Lóegaire's attempts to impose the Bórama, according to the later accounts, were unsuccessful. His invasion was defeated by Crimthann mac Énnai, ancestor of the Uí Cheinnselaig, near the River Barrow. Lóegaire was captured and made to swear never again to invade Leinster. This he did, swearing by the sun and moon, earth and sea, day and night, and water and air. One account of his death has it that he broke this oath. It is likely that the association with the Uí Cheinnselaig is a later addition as other sources say that the king of Leinster who ruled from Naas in Patrick's time belonged to the later obscure kindred of Uí Garrchon, part of the Dál Messin Corb.

==Death==
There are several accounts of Lóegaire's death. The Bóroma has him break his oath never again to invade Leinster. When he reaches the plain of the River Liffey near Kildare, the forces of nature on which he swore kill him: the wind leaves his lungs, the sun scorches him, the earth entombs him. Another account has Lóegaire's druids prophecy that he will die between Ériu (Ireland) and Alba (Scotland). To avoid this, Lóegaire never goes to sea. This version states that he died between two hills on the Liffey plain, hills named Ére and Alba. Finally, it is said that Lóegaire was cursed by Patrick and died of it.

==Cenél Lóegairi==
Tiréchan's life of Patrick names two daughters of Lóegaire, Eithne the fair and Fedelm the red.
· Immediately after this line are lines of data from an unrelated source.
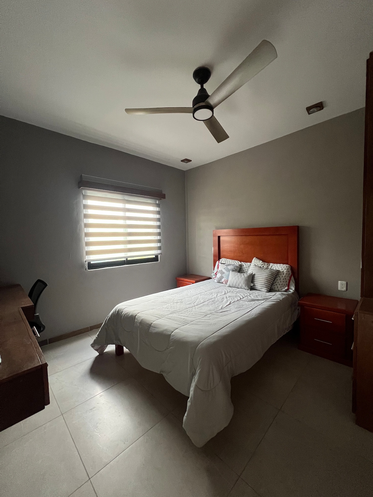 Casa moderna y elegante en la exclusiva zona norte de Villa de Álvarez, diseñada para el confort y la convivencia familiar, con una ubicación privilegiada que combina tranquilidad y cercanía a parques, areas verdes, restarantes, gimnasios. Ideal para familias ya que cuenta con 3 habitaciones, una en planta baja con baño completo ideal para personas de la tercera edad o para uso de oficina. Cuenta con AC en las 3 habitaciones solamente. AC DE LA SALA DE ESTAR NO ESTÁ DISPONIBLE.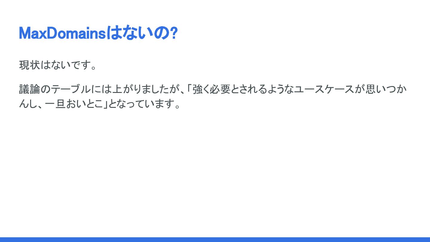 MaxDomainsはないの? 現状はないです。 議論のテーブルには上がりましたが、「強く必要とされるようなユースケースが思いつか んし、一旦おいとこ」となっています。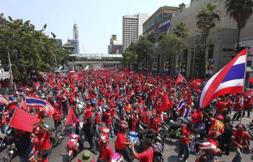 紅衫軍在旅游熱點(diǎn)四面佛附近架起講臺(tái)集會(huì),他們站滿馬路、天橋和百貨公司前的廣場(chǎng),領(lǐng)袖揚(yáng)言徹夜示威,直至重新大選。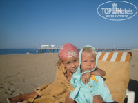 Пляж: песчано-галечный, первые несколько дней были волны, даже в 7 утра, когда обычно море самое спокойное, дочка из-за этого не могла заходить в море сама, даже в круге, под конец отдыха море было поспокойнее до обеда особенно. Заход-галька, достаточно быстро глубоко. Многие пользовались спец обувью, но мы заходили спокойно, даже сын, которому 1год заходил босиком, снимал шлёпки и бегал по пляжу, вот это массаж))) Море очень тёплое и чистое. Рядом с пляжем в море впадает река, иногда днем чувствовались слои холодной воды из реки. Песок на пляже мне лично больше напоминал пыль, как строительный, я такого никогда раньше не видела, дети постоянно чумазые, не только мои, все абсолютно))) Если у Вас есть белый купальник не берите его сюда, у меня тоже был, до первого и единственного раза, когда я его надела на пляж((( На пляже людей немного, всегда есть свободные шезлонги в любое время, а около бассейна аншлаг. В детском бассейне почему-то всегда холодная вода, но много детей там купалось, мы предпочитали море.

Lóegaire's son Lugaid is included in all king lists. The account of Lóegaire and Patrick in An Leabhar Breac explains that Patrick cursed Lóegaire's descendants, saying that they would never hold the kingship of Tara. Lóegaire's queen, Angias, a daughter of (Ailill) Tassach, of the Uí Liatháin, who was pregnant with Lugaid, begged that her unborn child should be spared the curse, and this was granted in part so that Lugaid later became king. Another of his twelve sons is called Feidlimid. As well as Angias, his wives included Muirecht, daughter of Eochaid Muinremar, said to be the grandfather of Fergus Mór mac Eirc.
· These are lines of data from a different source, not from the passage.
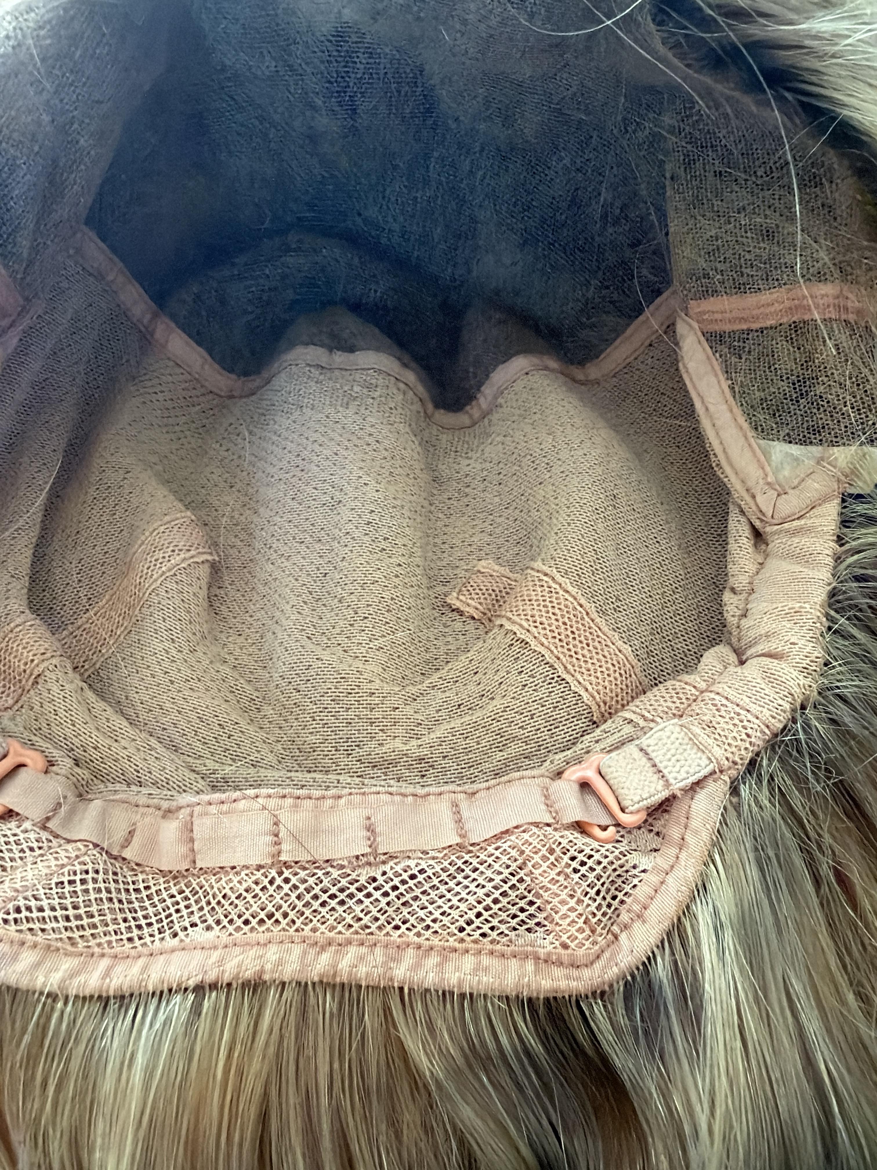 PHOENIX by Jon Renau 100% Chinese remy human hair 100% hand tied perfect for sensitive scalps. I have a 20.5" circumference and this piece fit a bit too big on me.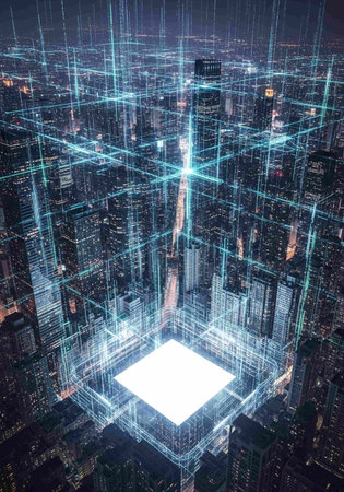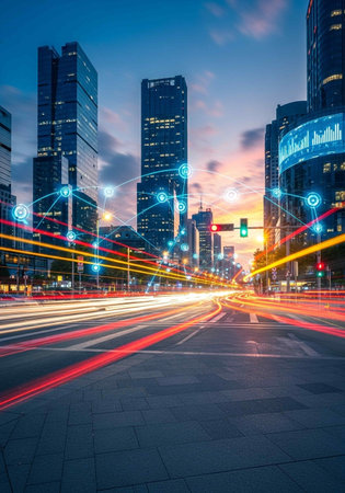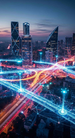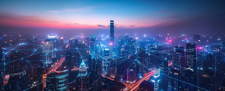 Luminous Network Dynamic Urban Landscape With Glowing Connection Points And Intense Blues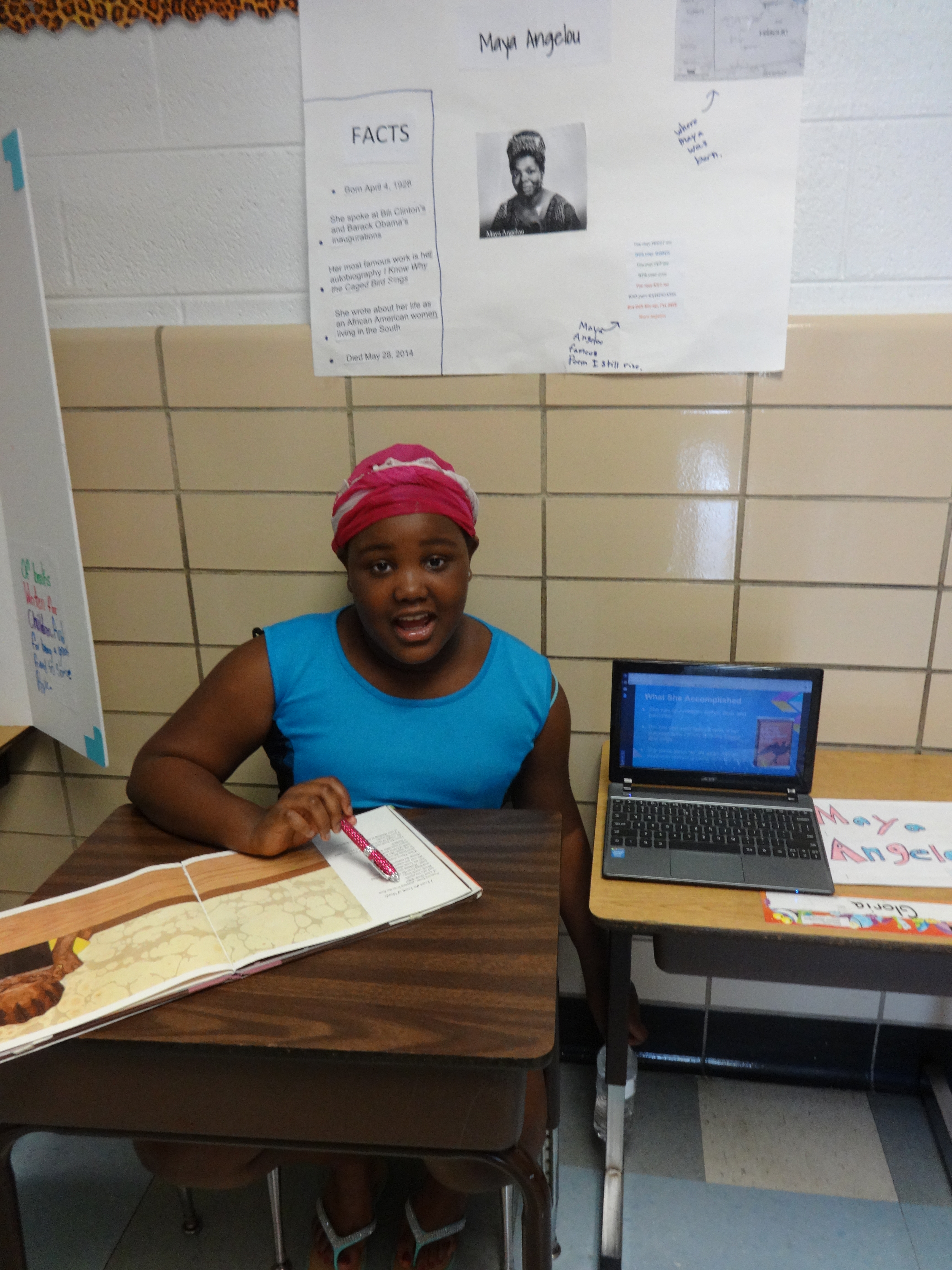 Through a memorized monologue, each famous American taught their audiences about their life, their accomplishments and hardships, and the reasons that they left a permanent mark on the world. On the wall behind them hung a poster, which went along with the carefully created digital slideshows displayed on a desk. The graphic novels created in library class sat next to the laptops, giving big and little hands alike something to flip through and enjoy while they listened. As I walked up and down the halls stomping on big red buttons, I laughed, I learned, and I even teared up a little.

The Cenél Lóegairi were indeed a relatively minor group in the Irish midlands in historic times. They were subject to the Síl nÁedo Sláine kings of Brega. Their lands lay between the River Boyne and the Meath Blackwater with their main church at Trim in modern County Meath. Another branch the Muintir Talthligh, were chiefs of Uí Laoghaire of Lough Lir, a district which lay in the barony of Lurg, north of Lower Lough Erne in Fermanagh.